¿Qué esperanzas podía albergar? No había besado nunca a una chica y en cambio aquellos diablos eran hombres experimentados; sabrían cómo engatusarla, hacerle perder la cabeza.
Había oído un sinfín de historias sobre enfermeras, telefonistas, telemetristas, chicas acabadas de salir de la escuela que se convertían de mala gana en amantes de los comandantes de regimiento o de división.
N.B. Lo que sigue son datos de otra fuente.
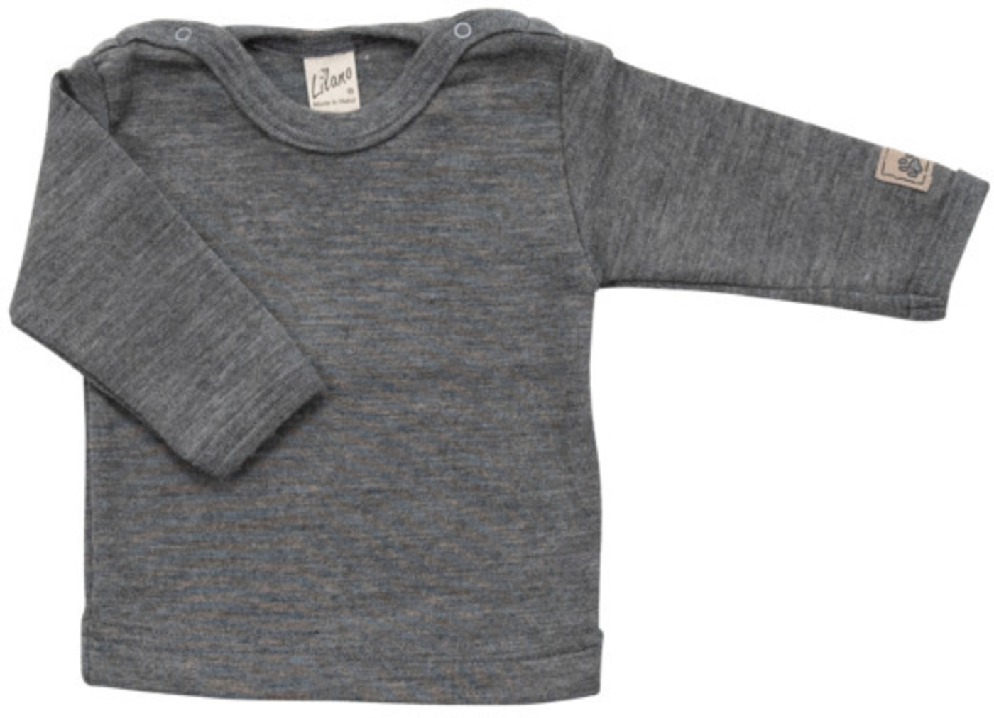 Chemise douillette à manches longues en laine vierge et soie pour bébés et tout-petits de LILANO. Un détail pratique sont les boutons-pression au niveau des épaules, grâce auxquels il est plus facile à mettre et à enlever. Le matériau de haute qualité écologique du vêtement a un effet positif sur le climat de la peau et garantit un port confortable.

Unas historias que a él le traían sin cuidado.
Miró la puerta. ¿Cómo no se le había pasado antes por la cabeza que sencillamente podía levantarse e irse, sin pedir permiso a nadie?
Se levantó, abrió la puerta y se fue.
En ese preciso instante el oficial de servicio del Estado Mayor fue avisado por teléfono de que el jefe de la sección política Vasíliev había ordenado que le enviaran de inmediato al soldado de la casa cercada.
La historia de Datnis y Cloe continúa conmoviendo los corazones de los hombres, pero no porque su amor naciera entre viñas bajo el cielo azul.
La historia de Dafnis y Cloe se repite siempre y por doquier, ya sea en un sótano sofocante impregnado de olor a bacalao frito, en el búnker de un campo de concentración, entre los chasquidos de los ábacos en una oficina de contabilidad o en el almacén polvoriento de una hilandería.
Y esta historia había brotado por enésima vez entre ruinas, bajo el aullido de los bombarderos alemanes, en un lugar donde los hombres no alimentan sus cuerpos cubiertos de mugre y sudor con miel, sino con patatas podridas y agua de una vieja caldera, allí donde no existe aquella paz que te permite reflexionar, sólo piedras rotas, estruendo y pestilencia.
62
Pável Andréyevich Andréyev, un hombre viejo que trabajaba como vigilante en la central eléctrica de Stalingrado, recibió una nota de su nuera desde Leninsk donde le comunicaba que su mujer, Várvara Aleksándrovna, había fallecido a causa de una pulmonía.
Tras la noticia de la muerte de su mujer, Andréyev se volvió más taciturno; raramente iba a casa de los Spiridónov, por las tardes se sentaba en la entrada de la residencia para obreros y miraba los fogonazos de la artillería y los haces de luces de los proyectores en el cielo encapotado. En la residencia, a veces, intentaban entablar conversación con él, pero Andréyev se quedaba callado. Entonces, acaso creyendo que el viejo oía mal, su interlocutor subía el tono de voz para repetirle la pregunta. A lo que Andréyev contestaba con aire sombrío:
– Le oigo, le oigo, no estoy sordo. -Y de nuevo se encerraba en su mutismo.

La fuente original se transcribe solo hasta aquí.